Unitary Operator Learning: The model incorporates constraints to maintain the unitarity of operator dynamics, grounded in the Von Neumann ergodic theorem, to ensure long-term statistical consistency. This is operationalized through a novel loss function that preserves the ergodic properties in $\mathcal{L}^2$ space during long-term predictions.
Scalability: Addressing the challenge of dimension, the paper implements a computationally efficient factorized attention mechanism. This reduces complexity from a full-dimensional computation to computations scaled with each dimension, facilitating the handling of high-dimensional data.

Empirical Evaluation

The capability of the proposed framework is substantiated through rigorous empirical evaluations on two benchmark chaotic systems: Kolmogorov Flow and Turbulent Channel Flow.

For Kolmogorov Flow (KF256): The model demonstrates superior performance in both short-term prediction accuracy, as evidenced by relative $L^2$ errors, and long-term statistical properties, showing significant improvements over baselines like UNO, MNO, and MWT.
For Turbulent Channel Flow (TCF): The results indicate that the transformer not only excels in short-term predictions but also in preserving the energy spectrum and mixing rates—a key indicator of ergodicity. The model’s performance showed marked improvements in matching the energy spectrum and maintaining consistency in the mixing rates.

Implications and Future Directions

The introduction of a benchmark dataset (140k high-resolution snapshots of turbulent channel flow) highlights the practical relevance of the model for machine learning research in chaotic systems. The dataset can accelerate research in large-scale chaotic prediction, offering a common ground for evaluating future models.

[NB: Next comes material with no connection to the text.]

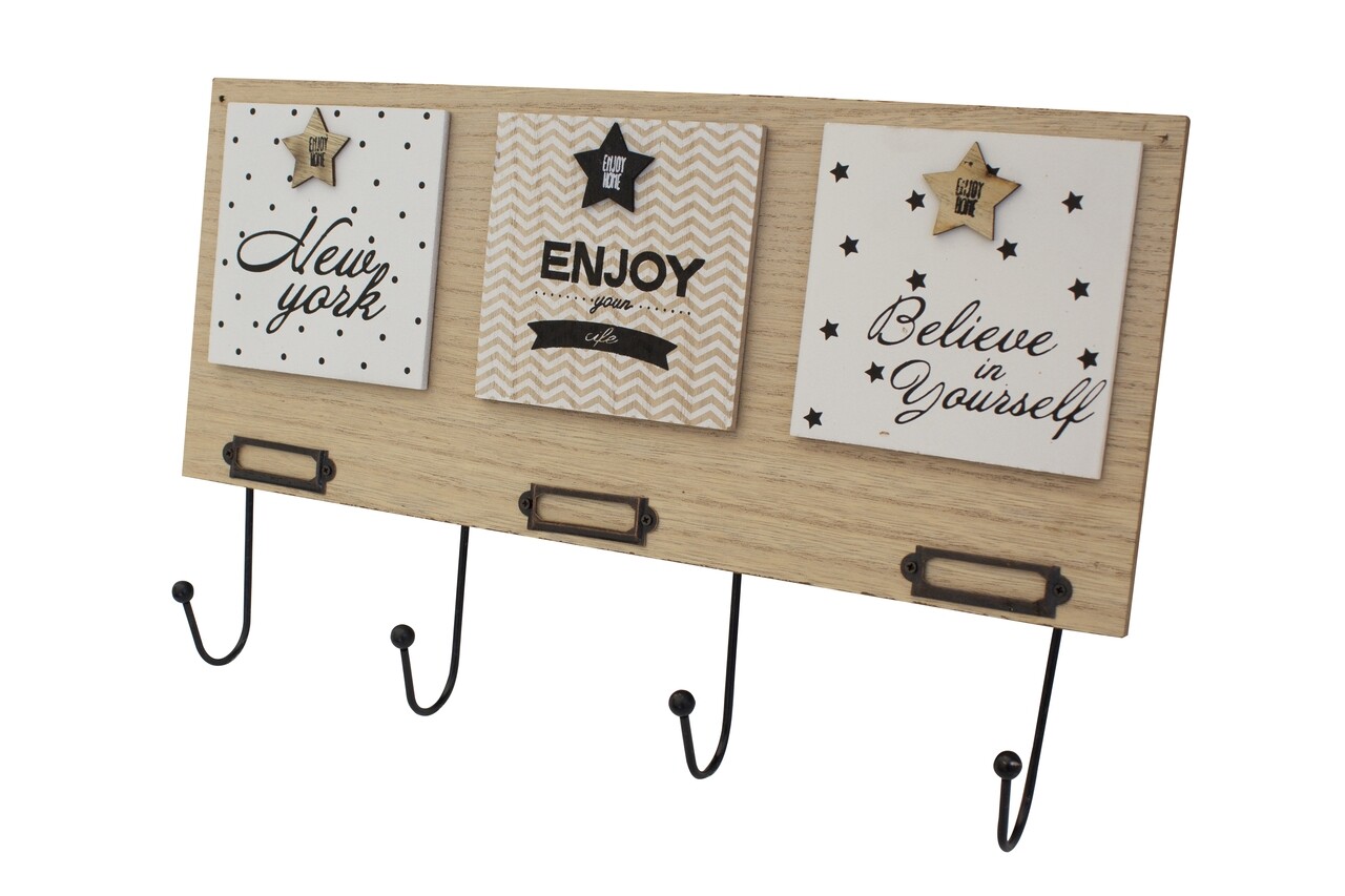 Cuier Star, Bedora, 4 agatatori, lemn/metal, multicolor
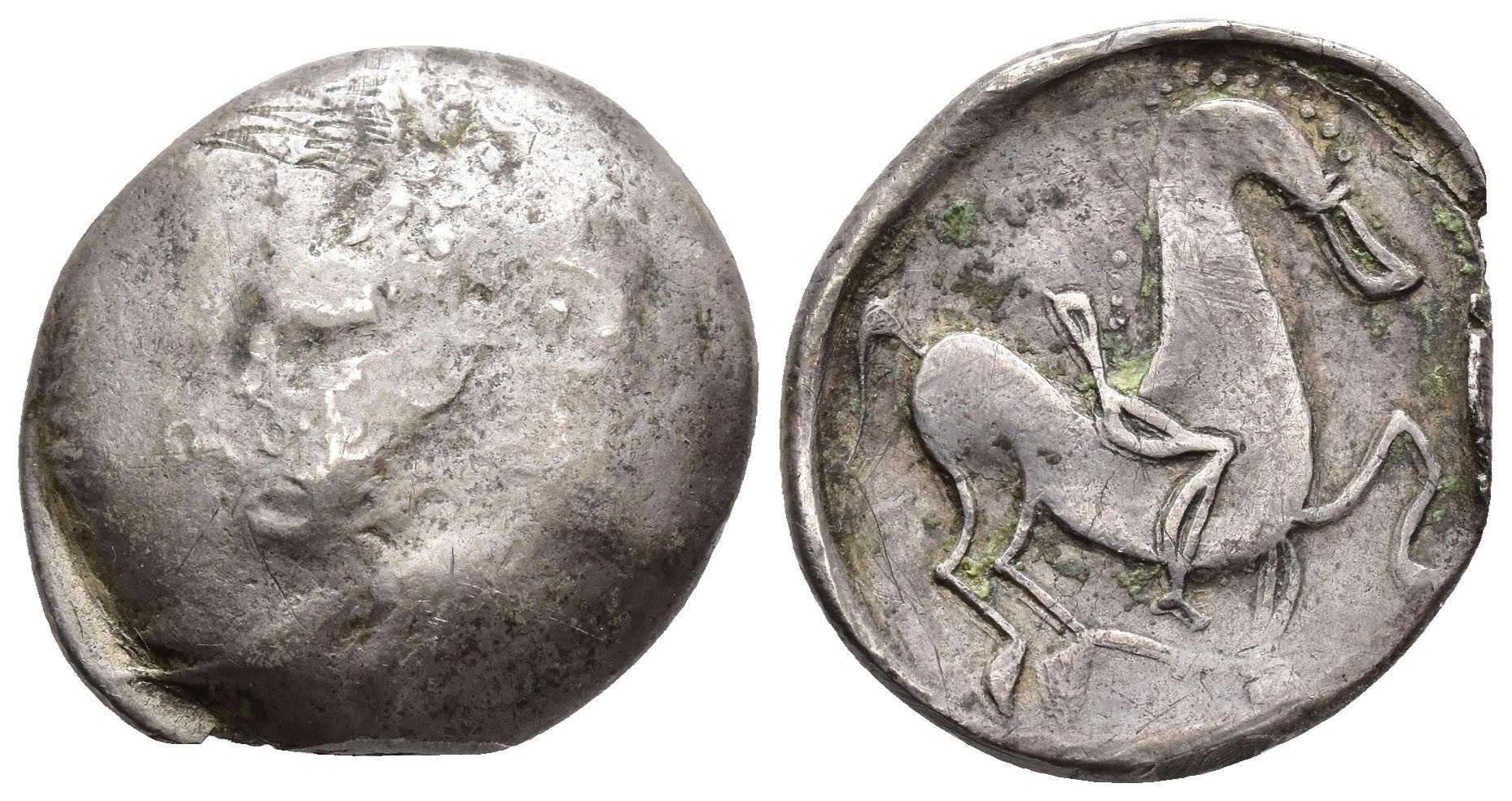 GRECIA ANTIGUA. CELTAS DEL DANUBIO. Imitación de Filipo II. Tetradracma. A/ Liso. R/ Jinete a der. AR 13,56 g. 27,1 mm. A/ Liso. R/MBC-.

From a theoretical standpoint, the paper navigates the relationship between operator theory and chaos, providing insights into the use of transformers in non-linear dynamical systems. This bridges the gap between statistical mechanics and machine learning, suggesting that future advancements could involve extending these techniques to non-ergodic or more complex systems without the requirement of spatial uniformity.

An intriguing direction for future exploration includes incorporating mesh-free methods within this framework, potentially allowing for applications beyond uniform grid-based systems, which are common in real-world chaotic phenomena.

Overall, the research presents a meticulous analysis of chaotic dynamics through the lens of transformer architectures, offering a promising avenue for robust and scalable predictions in fields where chaotic systems play a pivotal role, such as meteorology and fluid dynamics.